This Week in Barrons – 2-25-2018:
"First they ignore you, then they laugh at you, then they fight you, then you win.” … Mahatma Gandhi
- As Netflix stock nears all-time highs, CEO Reed Hastings is selling. Maybe it’s because advanced screenings of his upcoming series ‘Girls Incarcerated’ or ‘Bad Guys: Vile City’ have left him a bit bearish. Or maybe he had expenses to cover – like buying Madagascar. But, anytime a CEO sells stock, you have to wonder what he knows.
- Latvia (on the other hand) is going through a major financial scandal. Last week the U.S. accused a Latvian bank of money laundering, and violating international sanctions by working with companies with known ties to North Korea. The ECB froze the bank's accounts, and now the bank is asking for an emergency loan to keep itself afloat.
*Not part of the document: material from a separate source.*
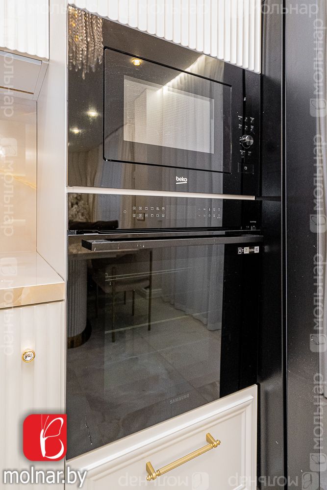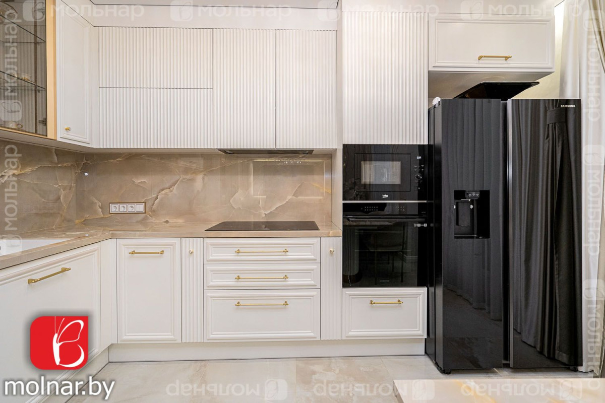 • Современная кухня с всей необходимой техникой (холодильник, посудомоечная машина, духовой шкаф) и функциональными шкафами, готовая к использованию.

The bank is one of Latvia's largest taxpayers, and if it collapses – the ripple effects will be felt across the EU.
- The Korean Accounting Board is preparing to recognize cryptocurrencies as ‘liquid assets’. This should further solidify cryptos, and improve the government’s ability to obtain taxes resulting from their profits.
- Venezuela just launched its own cryptocurrency - the Petro. Venezuela has the world's largest known oil reserves, and has long used oil profits to prop up its socialist system. Lately, oil prices have tanked and so has its economy. Its fiat currency is worthless, and Venezuela's president thinks that their own cryptocurrency will turn things around. The Petro is backed by oil, which the opposition says is illegal. Like we need more crypto-drama.
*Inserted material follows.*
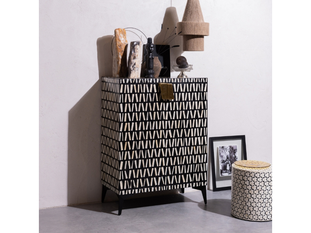 Pokud toužíte po ozvláštnění vašeho interiéru, vzorovaná komoda Maia z mangového dřeva je tím pravým. Je vytvořena pomocí dekorační techniky Bone inlay, při které se používají detailně zpracované kosti, které jsou zality pryskyřicí. Nejen, že přinese do vašeho domova nádech exotiky a luxusu, ale disponuje také dostatkem úložných prostor. Její tři velkorysé uzavřené police vám umožní uložení a organizaci různých dokumentů či jiného inventáře. Jednoduchá kovová podnož a úchytky ve zlaté barvě pouze umocní její moderní vzhled. Komoda Maia se jednoznačně stane středem pozornosti ať už v obývacím pokoji, nebo v ložnici či kanceláři.

- In the wake of launching the Petro, reports are surfacing that Iran’s Minister of Information will announce the development of an Iranian cryptocurrency. With Venezuela and Iran facing U.S. sanctions, if both nations can successfully bypass sanctions using cryptocurrencies – be prepared for some strong steps by crypto-regulators moving forward.
- Monday is the day that Visa / LitePay will be released in 41 countries. The world will finally have the ability to seamlessly pay for everyday goods and services with crypto. It will demonstrate a working crypto-technology product that will actually be: cheaper, faster and better.
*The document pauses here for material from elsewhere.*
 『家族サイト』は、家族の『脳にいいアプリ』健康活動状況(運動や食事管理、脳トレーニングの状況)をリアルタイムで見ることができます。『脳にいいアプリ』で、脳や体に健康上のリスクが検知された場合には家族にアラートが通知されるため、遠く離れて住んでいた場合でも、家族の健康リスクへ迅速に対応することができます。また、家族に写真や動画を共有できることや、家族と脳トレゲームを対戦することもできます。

- Did you know that: U.S. Customs Agents have the authority to search your phone for crypto-assets? Do not have more than $10k undeclared – ok?
- The World Food Program is expanding their Ethereum-based blockchain payment system because their pilot showed a 98% savings on all bank-transfer fees. Hopefully more banks will become part of this solution.
- California’s representative Ian Calderon introduced a bill that would recognize blockchain signatures on smart contracts as electronic records.
- A ‘black swan’ event showed itself to Wal-Mart last week. After reports showed that they were NOT making as much money as anticipated from their online and grocery space – their stock tanked the equivalent of 5.4 standard deviations. That’s about as ‘black a swan’ as you’re likely to see barring a global meltdown. Adding insult to injury, Amazon rallied on the news.
- In 2017, Japan reported 669 potential cryptocurrency money laundering cases. In contrast, 346,595 were presented from financial institutions, 15,448 from credit card companies, and 13,259 from credit unions.
- Dropbox could soon be ready for prime time. The company filed IPO documents with the SEC to go public later this year. Dropbox made $1.1B in revenue last year. They added 100m users (of their 500m total) in 2017, but only 11m are paying users. Their estimated valuation was $10B in 2014.
Over the next 3 years, I won’t be surprised to see the business models of Apple, Google, Microsoft, Amazon, Facebook come under pressure, and all be changed in ways that could reduce their market value by as much as 50%. The pace of disruption is accelerating. Virtually all of the market leaders from the early 2000’s are no longer in those same positions. In 2018, the cost and speed of technology is becoming commoditized, and brains are always available for the right price. Scale is the deciding factor, until the trend reverses and then those over-hanging investment declines become unstoppable. I view Facebook, Google, and Amazon as having the greatest risk in so far as customer security and data privacy are concerned, but Apple and Microsoft are the ones least equipped to turn things around in a downturn. The best part about this thinking is that nobody else in the universe believes a word of it.
When I hear: "ALT-Coin season starts next month," I'm reminded of a sign in an Austin bar: "Free Beer – Tomorrow." … @listendestro … www.thedailybit.news
The past week played out with Gold finding resistance and falling back, while Crude Oil stumbled early and resumed its path higher later in the week. The U.S. Dollar bounced but stopped short of a higher high, while Treasuries moved lower but then caught a bid at the end of the week. Volatility held in a tight range with a slight drift lower, but still notably higher than in January. The Equity Index ETF’s held in tight ranges on the week, with the SPY and IWM stalling at their 61.8% retracements and their 50-day simple moving averages. The NASDAQ faired a little better, holding over its 20-day, and at the 78.6% retracement.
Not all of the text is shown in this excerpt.